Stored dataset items
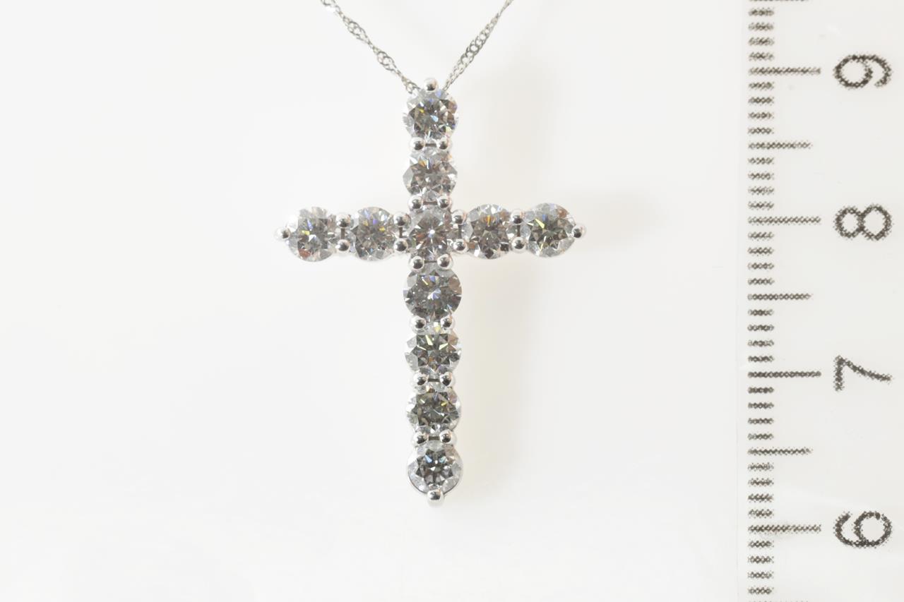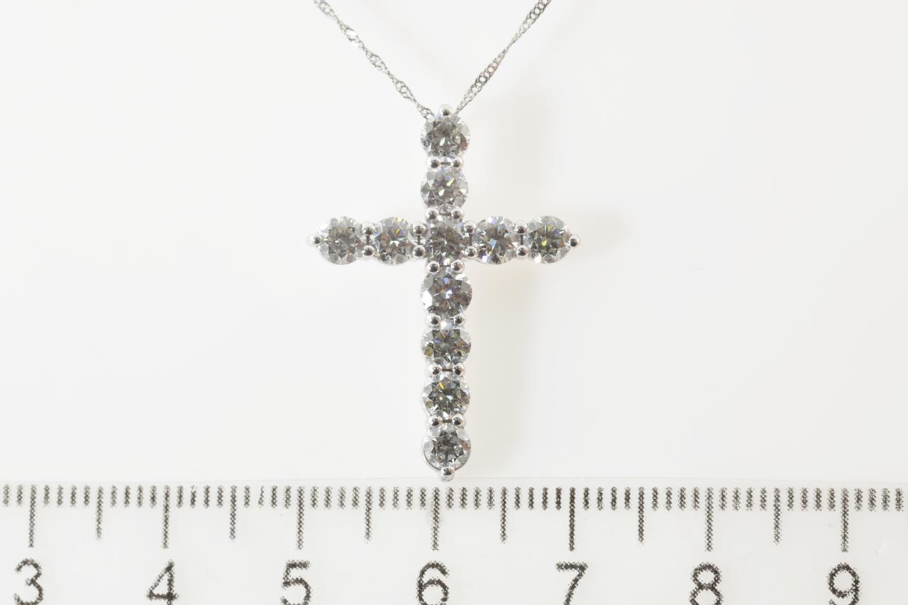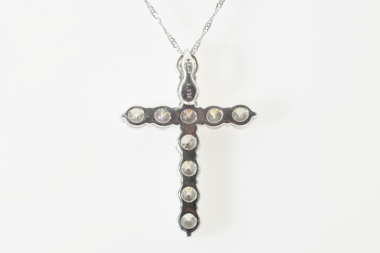Diamond Cross pendant with round Diamonds totalling 2.01cts (Estimated grading: H SI2). 18ct white gold with adjustable platinum 42cm chain. Weight: 3.9g (Pre-owned)
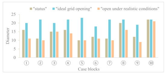 Figure 9 shows the diameter of the case blocks in three cases: the “status”, “ideal grid opening” and "open under realistic conditions".
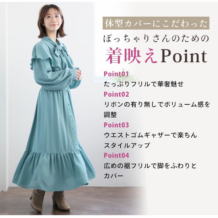 他の画像を見る オリジナル ワンピ LL 3L 4L 5L 6L 冬 冬物 冬服 ぽっちゃり ゆったり お腹 太もも 胸周り 二の腕カバー お尻 腰周り 長袖 ボウタイリボン ケープ襟 ドレス プラスサイズ KAREN フリルフリルワンピース リボン付き | 大きいサイズの通販ならハッピーマリリン 在庫特価 定価 ¥ 4,990 のところ 価格 ¥ 3,000 税込 4.85 お気に入りに登録する
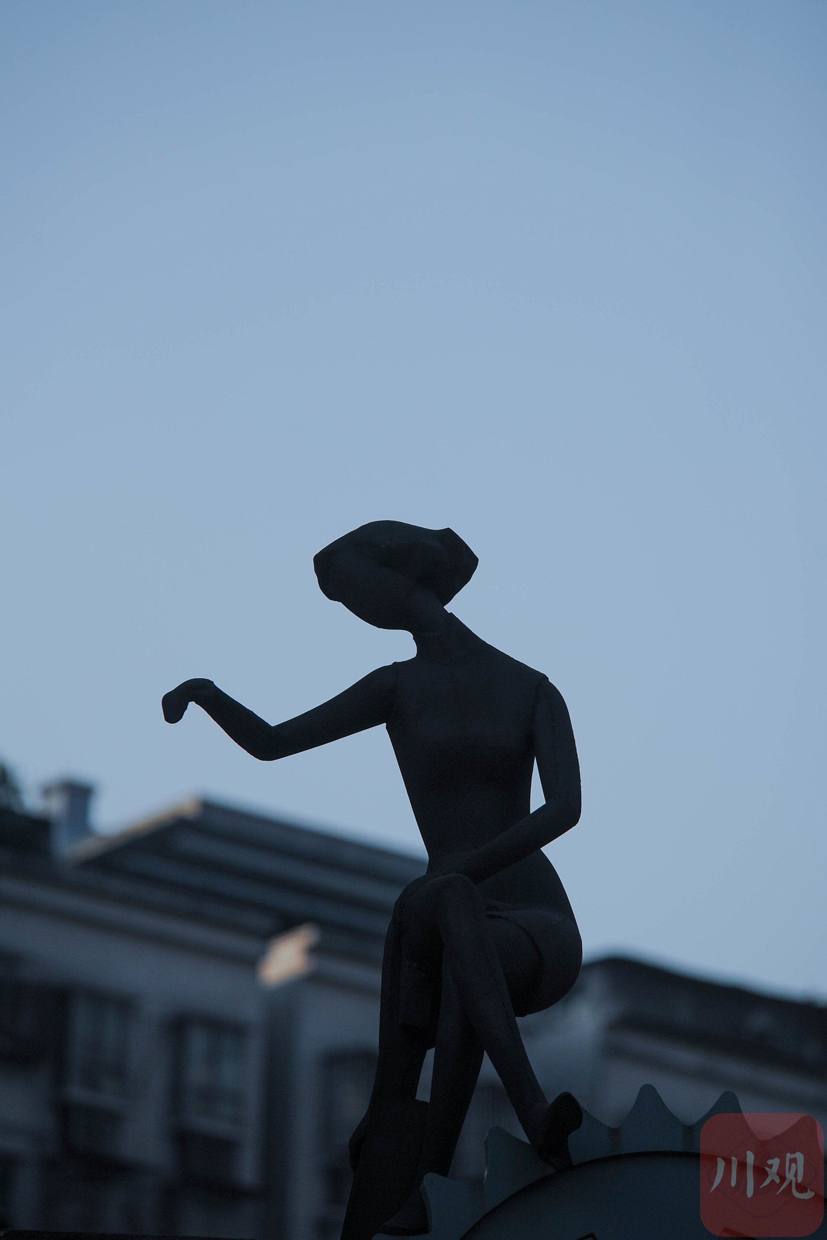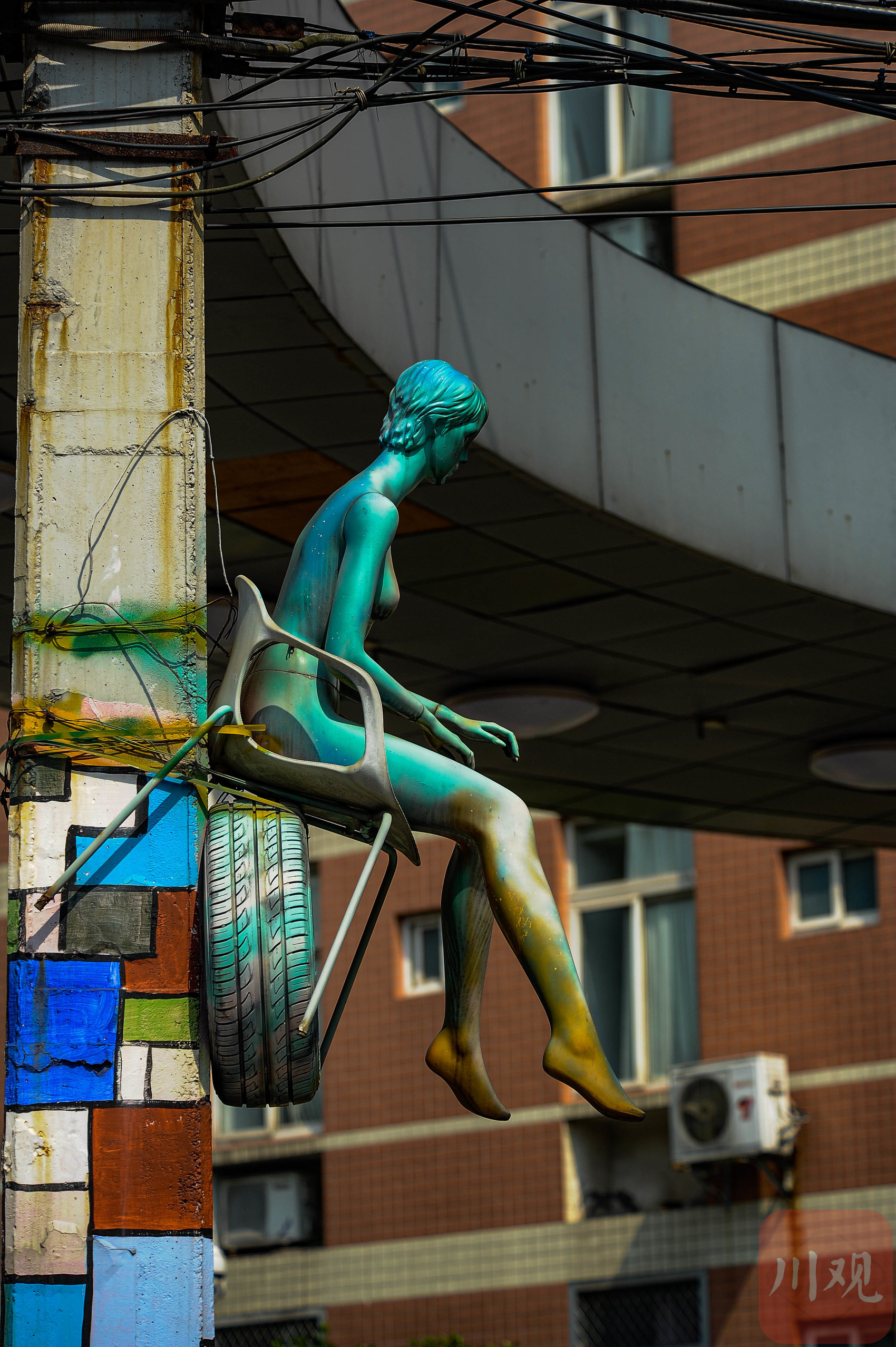 重庆黄桷坪,蓝绿色女性坐像雕塑,在工业背景中透着艺术张力。
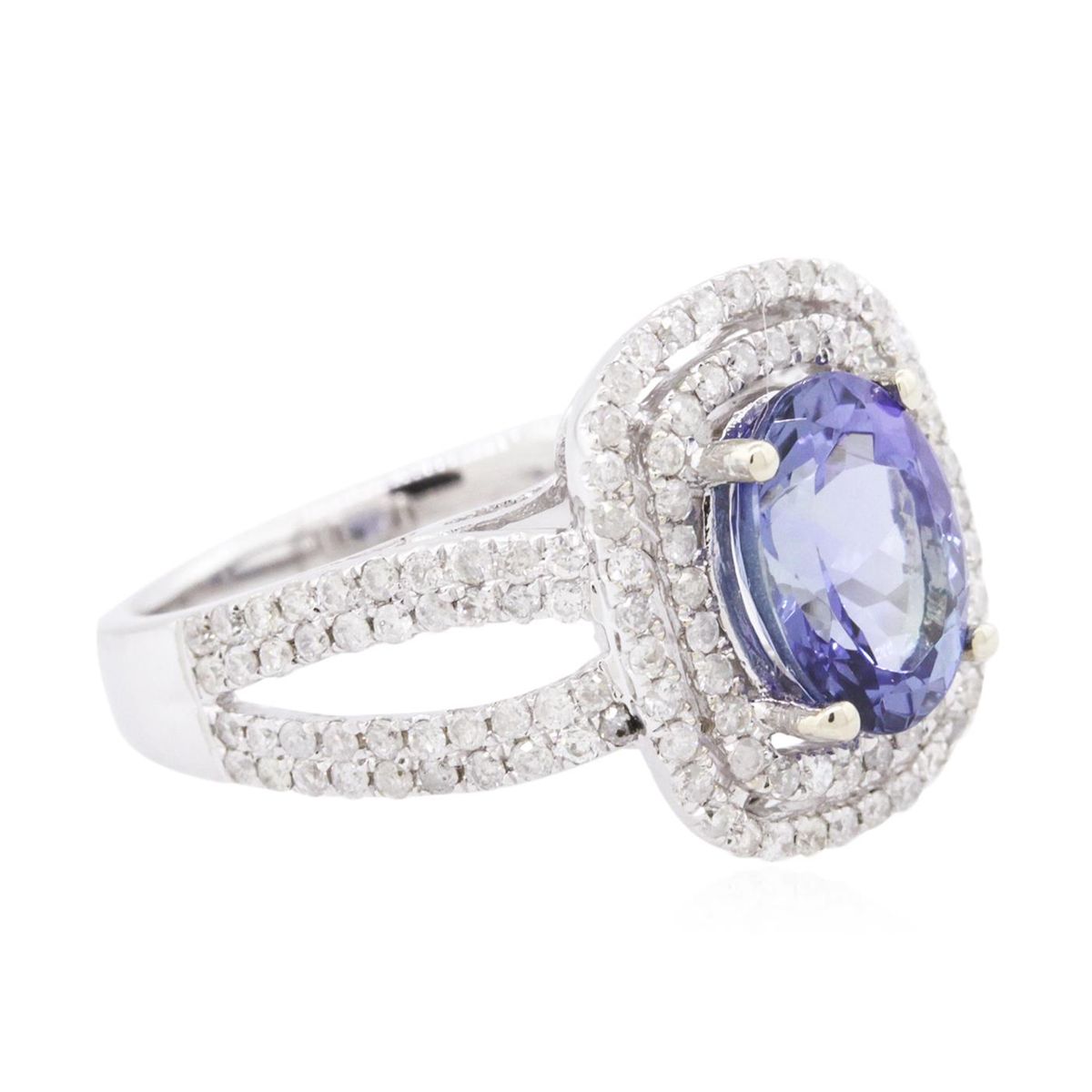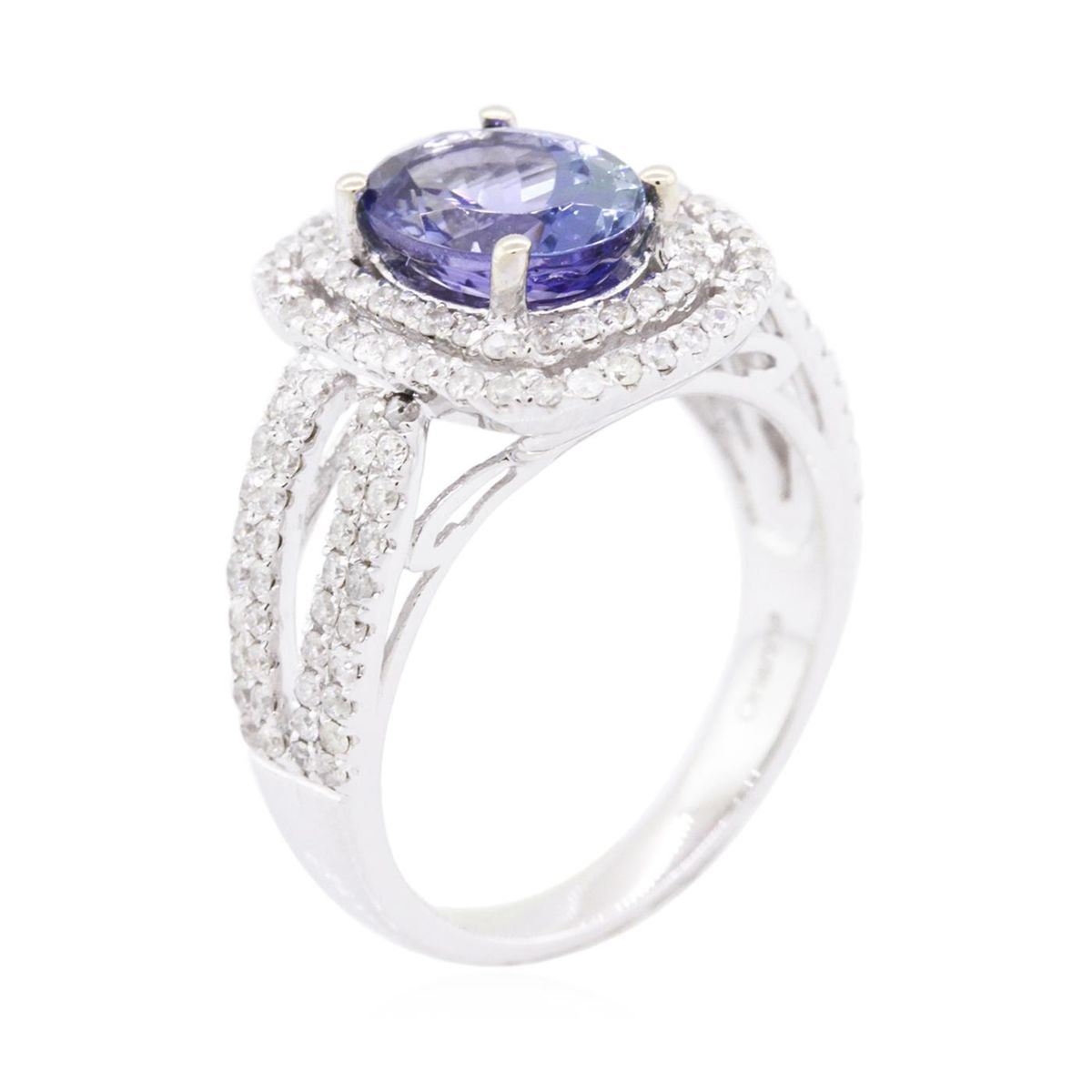 One electronically tested 14KT white gold ladies cast tanzanite and diamond ring with a bright polish finish. The featured tanzanite is set within two tiered diamond bezels supported by diamond set split shoulders, completed by a two and one-half millimeter wide band. Trademark is Orianne. Identified with markings of "14K". Condition is new, good workmanship. Containing: One prong set oval brilliant cut natural tanzanite, measuring 9.50 x 7.01 x 4.90mm, 6% bulge factor, approximate weight of 2.37ct., clarity is eye clean, type I, medium, very slightly grayish, bluish violet color, (GIA bV 5/3), cut is good. Transmitting light with no distortion, transparent. Graded in the setting. Tanzanite is a very rare gemstone that is only found in the country of Tanzania. Originally discovered in 1967. Tiffany & Company, named the stone Tanzanite. It is found in the Usumburu Mountains that border the Umba Valley of northern Tanzania. Tanzanite occurs in gray, brown, violet, blue, reddish-purple, & green. The gem is interesting because of its exceptional pleochroism. Rotated in different directions a tanzanite will exhibit multiple changes of color. Tanzanite has a low tolerance to ultrasonic cleaning, and should not be cleaned using this method. One Hundred Forty prong set round brilliant cut diamonds, measuring 1.20 - 1.10 x 0.69mm (depth est.) approximate total weight of 140 Stones = 0.87ct. Graded in the setting. Clarity: I-1 to I-3. Color: H - J. Total Weight of Colored Stones 2.37ct. Total Weight of Diamonds 0.87ct. Total Weight of Ring 5.95 grams. AIG Appraised at $8,340.00.

ABOUT THIS EXERCISE
Although the records above contain pictures, the copy should not; retype exactly the lines from the one containing "他の画像を見る オリジナル ワンピ" through the one containing "重庆黄桷坪,蓝绿色女性坐像雕塑,在工业背景中透着艺术张力。".

ANSWER BOX
 他の画像を見る オリジナル ワンピ LL 3L 4L 5L 6L 冬 冬物 冬服 ぽっちゃり ゆったり お腹 太もも 胸周り 二の腕カバー お尻 腰周り 長袖 ボウタイリボン ケープ襟 ドレス プラスサイズ KAREN フリルフリルワンピース リボン付き | 大きいサイズの通販ならハッピーマリリン 在庫特価 定価 ¥ 4,990 のところ 価格 ¥ 3,000 税込 4.85 お気に入りに登録する
 重庆黄桷坪,蓝绿色女性坐像雕塑,在工业背景中透着艺术张力。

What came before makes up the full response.